== EXERCISE DATA

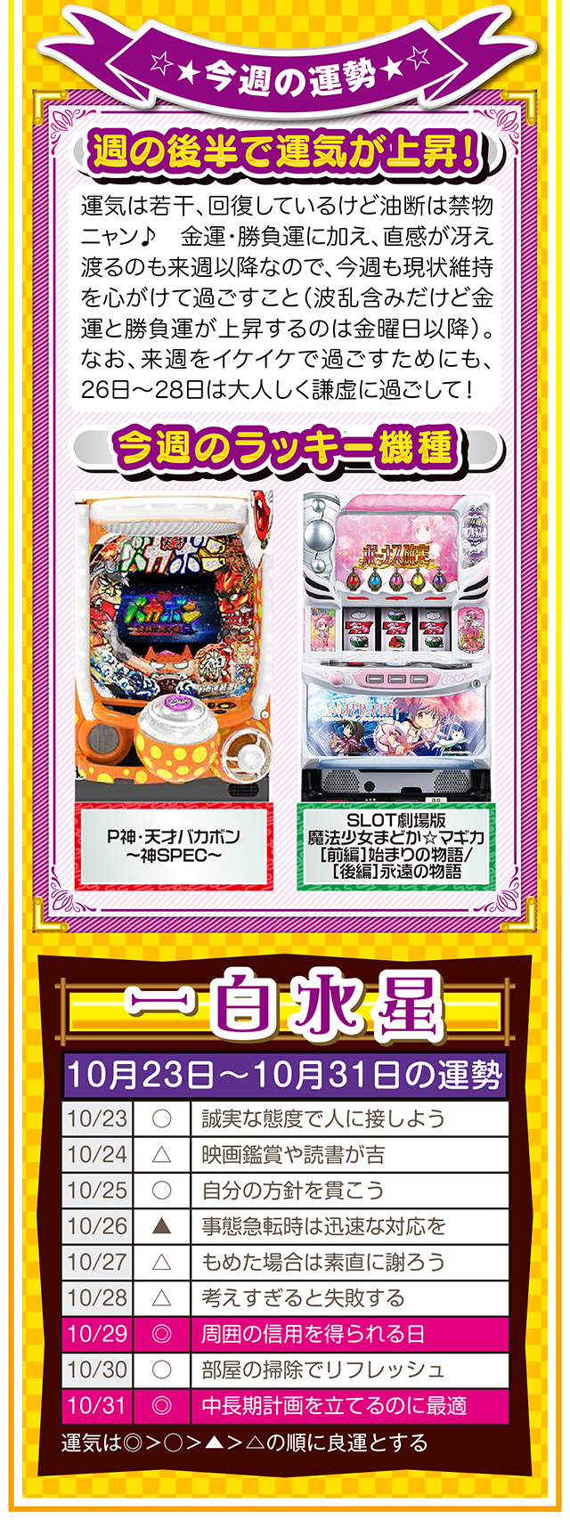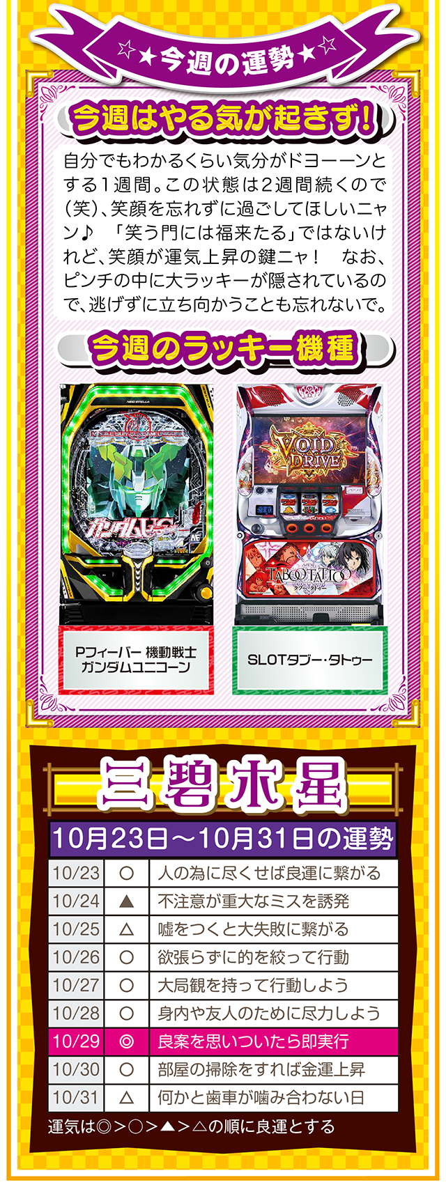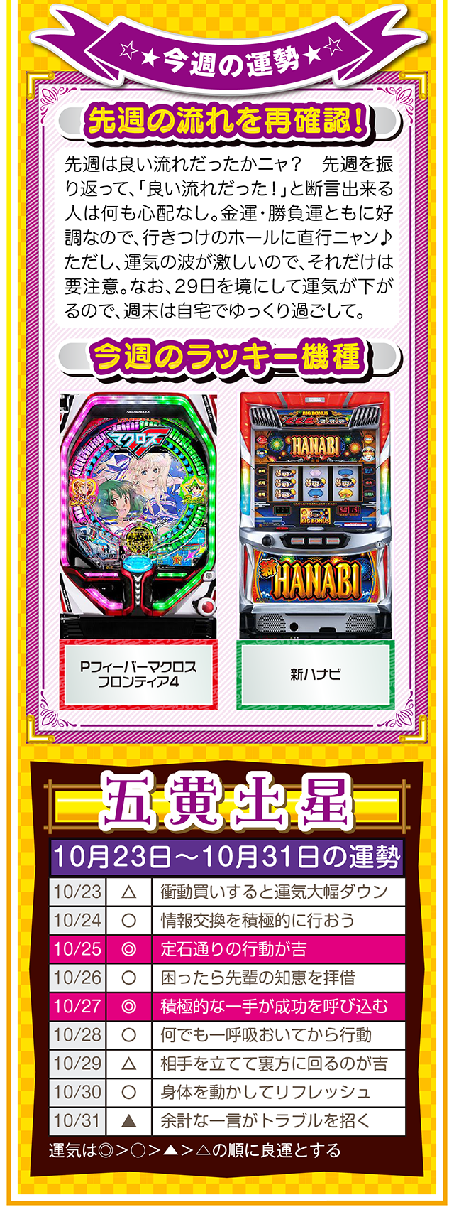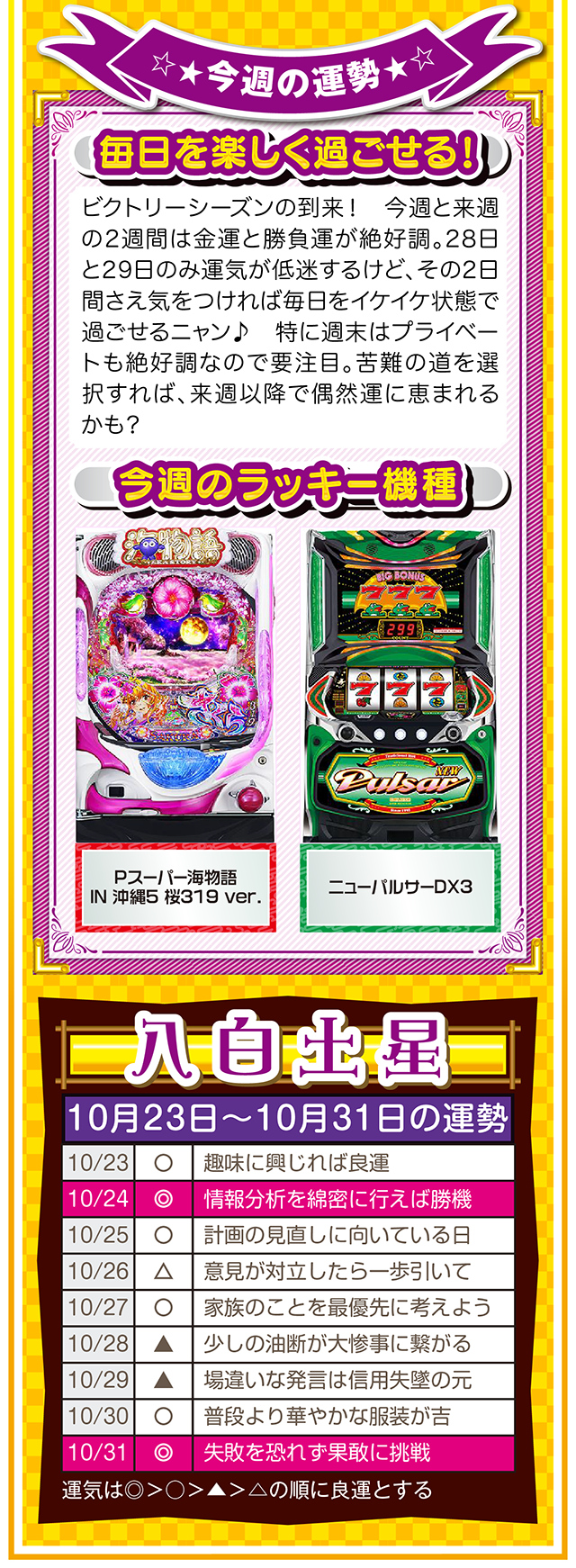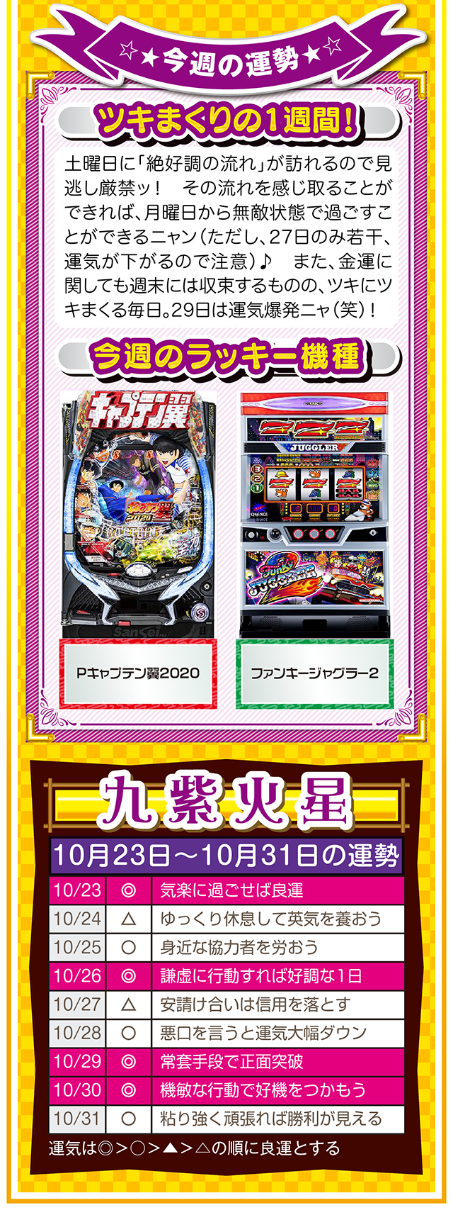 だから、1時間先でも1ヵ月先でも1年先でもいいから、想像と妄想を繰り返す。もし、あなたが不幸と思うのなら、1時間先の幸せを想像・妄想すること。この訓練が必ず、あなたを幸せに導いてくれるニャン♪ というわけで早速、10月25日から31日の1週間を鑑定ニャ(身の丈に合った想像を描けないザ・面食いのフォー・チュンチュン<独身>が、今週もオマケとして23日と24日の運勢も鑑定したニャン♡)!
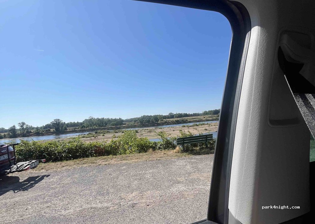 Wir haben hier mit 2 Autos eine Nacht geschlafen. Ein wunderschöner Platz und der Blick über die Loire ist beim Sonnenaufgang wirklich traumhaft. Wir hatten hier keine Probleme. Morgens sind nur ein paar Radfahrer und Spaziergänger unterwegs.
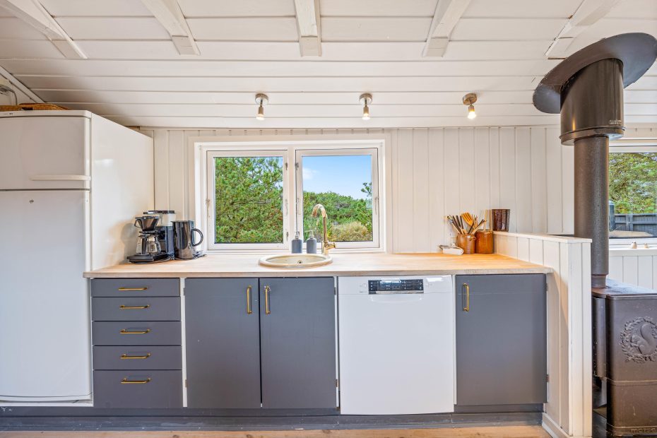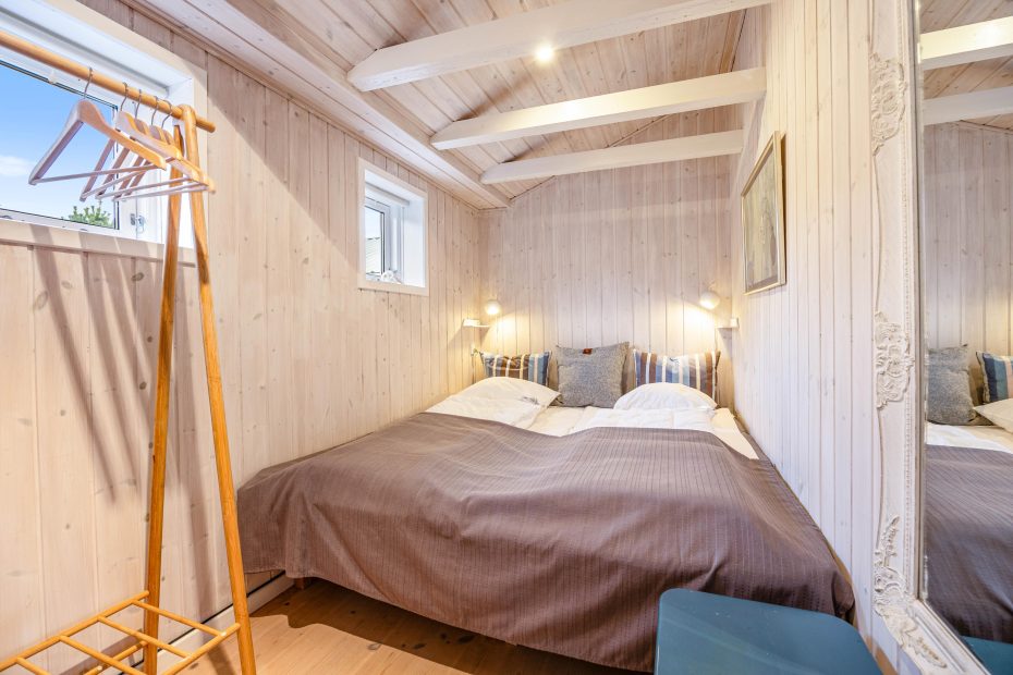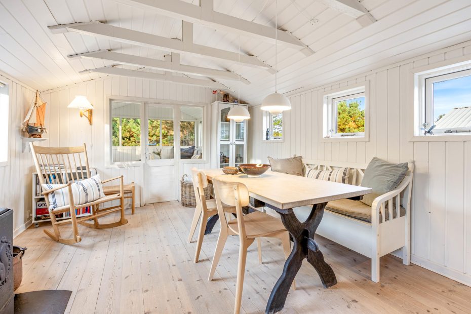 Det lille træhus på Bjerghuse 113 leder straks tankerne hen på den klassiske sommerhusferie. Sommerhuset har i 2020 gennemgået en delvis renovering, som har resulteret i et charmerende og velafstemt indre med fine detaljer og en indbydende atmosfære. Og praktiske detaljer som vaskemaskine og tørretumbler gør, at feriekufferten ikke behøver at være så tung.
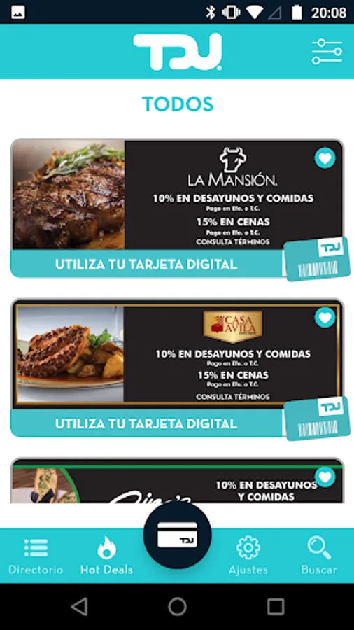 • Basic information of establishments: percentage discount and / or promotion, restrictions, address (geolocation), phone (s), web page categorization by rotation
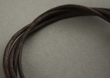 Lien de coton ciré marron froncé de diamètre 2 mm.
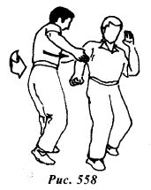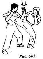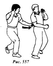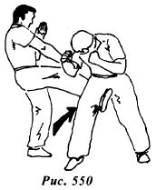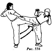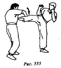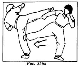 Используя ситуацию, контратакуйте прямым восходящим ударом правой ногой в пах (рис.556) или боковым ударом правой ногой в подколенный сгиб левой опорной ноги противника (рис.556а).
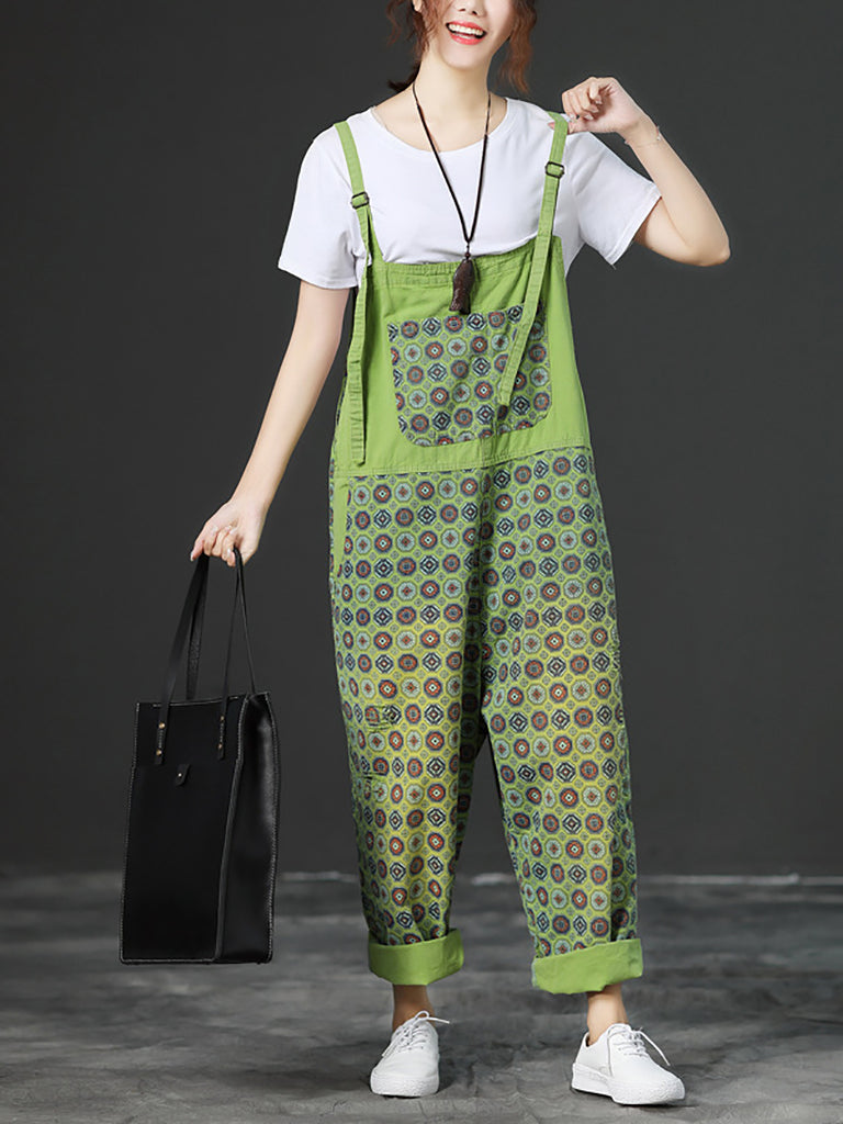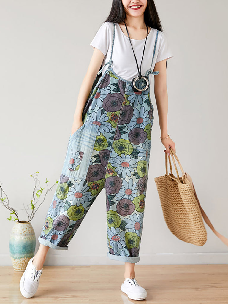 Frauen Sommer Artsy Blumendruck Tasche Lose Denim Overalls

====

# WORK ORDER
Lines from the start of the material through the line containing "Wir haben hier" are to be restated word for word; no picture may be included.

# SOLUTION FOR THIS TASK
 だから、1時間先でも1ヵ月先でも1年先でもいいから、想像と妄想を繰り返す。もし、あなたが不幸と思うのなら、1時間先の幸せを想像・妄想すること。この訓練が必ず、あなたを幸せに導いてくれるニャン♪ というわけで早速、10月25日から31日の1週間を鑑定ニャ(身の丈に合った想像を描けないザ・面食いのフォー・チュンチュン<独身>が、今週もオマケとして23日と24日の運勢も鑑定したニャン♡)!
 Wir haben hier mit 2 Autos eine Nacht geschlafen. Ein wunderschöner Platz und der Blick über die Loire ist beim Sonnenaufgang wirklich traumhaft. Wir hatten hier keine Probleme. Morgens sind nur ein paar Radfahrer und Spaziergänger unterwegs.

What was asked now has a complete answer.